Yeah, it's so weird right? I don't understand if this is a glitch or what. It's really frustrating and annoying. I imagine there must be more people out there with this happening, just that they havem't noticed since everyone loses different things. 

Nintendo better fix this soon.


----------



## Debeers (Nov 15, 2020)

I think it happened to me recently with the forest wall diy (seasonal). I am pretty sure I have learned it last time I checked, then yesterday I got another one from balloon and I learned it again. I was confused a bit and now it seems to be the glitch...


----------



## Stella-Io (Nov 15, 2020)

Kuriboh said:


> I thought I was imagining things, but I have had this happen to me before too. I wanted to build a campfire and I KNOW I learned the DIY but I searched my list of DIYs (I even ordered them alphabetically) and I just could not find it in my list. I tried buying them off someone and when I had the recipe it said I already knew it. When I looked at my recipe list there it was again like a phantom.  I thought I was just blind or really dumb, but it kept happening. Thankfully they came back and I didn't have to relearn any of them, though (yet).



I had this SAME EXACT PROBLEM but with a different recipe, the Garden Bench. For the life of me I could not find it. I looked several times thou both tabs then looked alphabetically. Still nothing. Eventually I closed my phone and did some other things, like craft other furnitures. I looked throu my list again and finally found it.

That was recent, but there have been like 2 other times in the past months ago that I COULD NOT find a recipe. I ended up finding it later. Seeing other people have this problem makes me think I'm not just being blind and that it actually seems to be a problem.


----------



## LilyLynne (Nov 15, 2020)

I had this glitch happen with the iron garden bench. I was horribly upset at the time. I have since got the recipe again. It hasn't happened since (at least not that I am aware of). It is weird. 
I did report it, but it was close to when the game first came out.


----------



## Sheando (Nov 15, 2020)

This finally happened to me as well! I learned the Leo recipe, the one that looks like a lion’s head, and a week later it was no longer in my DIY list. I don’t care much for the astrological recipes, but my boyfriend missed that one and he is a Leo, so I excitedly told him I could make him one since he likes that recipe, and then when I checked it was gone. Kind of a bummer since I can’t even reacquire it until next year.


----------



## eseamir (Nov 15, 2020)

I haven't experienced this yet but now I'm super worried about it!!


----------



## Tutle (Nov 15, 2020)

If these disappearances is happening, i'm putting all my recipes in my house! Taking no chances!


----------



## Khaelis (Nov 15, 2020)

I haven't really noticed anything vanishing. Then again, I haven't actively been monitoring all my DIYs. I don't THINK I've 'lost' any?


----------



## Peach_Jam (Nov 15, 2020)

I've heard about this happening a lot, and now that I think about it, there was one recipe that disappeared for me.
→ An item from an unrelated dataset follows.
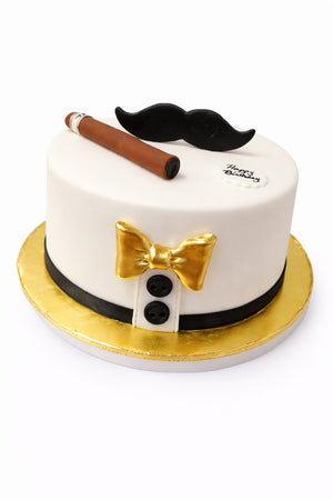 A classy Fondant-finished cake styled with a bow tie, buttons, and moustache accents, perfect for sophisticated birthdays and gentleman-themed celebrations.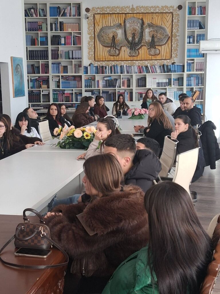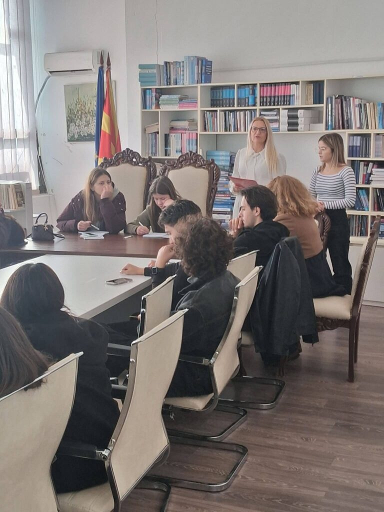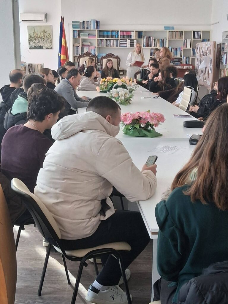Учениците со професорките Даниела Мијалчова и Дијана Цонева беа во посета на библиотеката, каде беа споделени повеќе информации за размената, за нашите роднокрајни автори, нашата литература и работата на нашата библиотека. Учениците исто така,имаа можност да ја разгледаат англиската л и албанската литература со која располага библиотеката.

It was a recipe for a log extra-long sofa that I acquired around the beginning of the game, and later on I realized it wasn't in my recipe collection anymore. Needless to say, I sought out to learn the recipe again from someone else.


----------



## eseamir (Nov 15, 2020)

Tutle said:


> If these disappearances is happening, i'm putting all my recipes in my house! Taking no chances!


I think people are talking about recipes disappearing from their learned recipe catalogue! shouldn't need to worry about them disappearing from your island


----------



## Seastar (Nov 15, 2020)

I haven't been paying attention to mine but it would be nearly impossible for me to notice since I now have 4 characters I use daily and some of them have DIY recipes the others don't...


----------



## scaredlittlebug (Nov 15, 2020)

This is scary! I think I may have lost at least one recipe, the shell partition, but I have it on another character so it's not a huge deal. 
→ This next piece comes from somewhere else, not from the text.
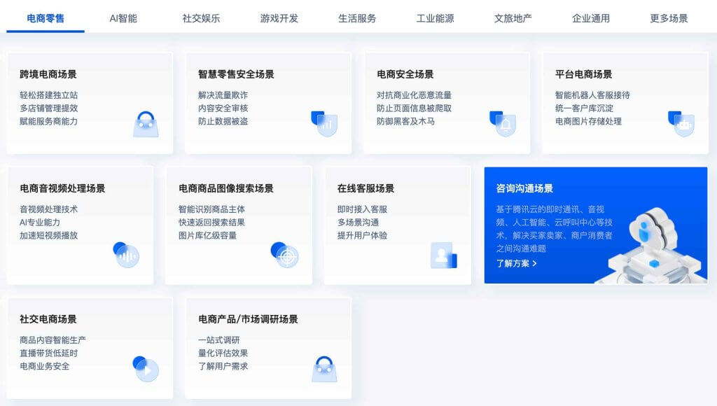 首先是一些腾讯云企业热门场景需求,一站式解决企业刚需难题,包括电商零售、AI 智能、社交娱乐、游戏开发、生活服务、工业能源、文旅地产等场景。

Really hate the thought of losing recipes without knowing, especially since I haven't been recording all the recipes I have!


----------



## Katzenjammer (Nov 15, 2020)

I had no idea about this glitch, thank you for letting us all know for those who shared about this issue. I think this has happened to me once awhile back, but I thought it was just me having a horrible memory as usual, lol.


----------



## Plainbluetees (Nov 15, 2020)

I crafted a Grass Standee on Friday then today Sydney gave me the grass standee she was crafting without the “Oh, you’ve already learned this” dialogue.


----------



## Blood Eclipse (Nov 16, 2020)

Stella-Io said:


> I had this SAME EXACT PROBLEM but with a different recipe, the Garden Bench. For the life of me I could not find it. I looked several times thou both tabs then looked alphabetically. Still nothing. Eventually I closed my phone and did some other things, like craft other furnitures. I looked throu my list again and finally found it.
> 
> That was recent, but there have been like 2 other times in the past months ago that I COULD NOT find a recipe. I ended up finding it later. Seeing other people have this problem makes me think I'm not just being blind and that it actually seems to be a problem.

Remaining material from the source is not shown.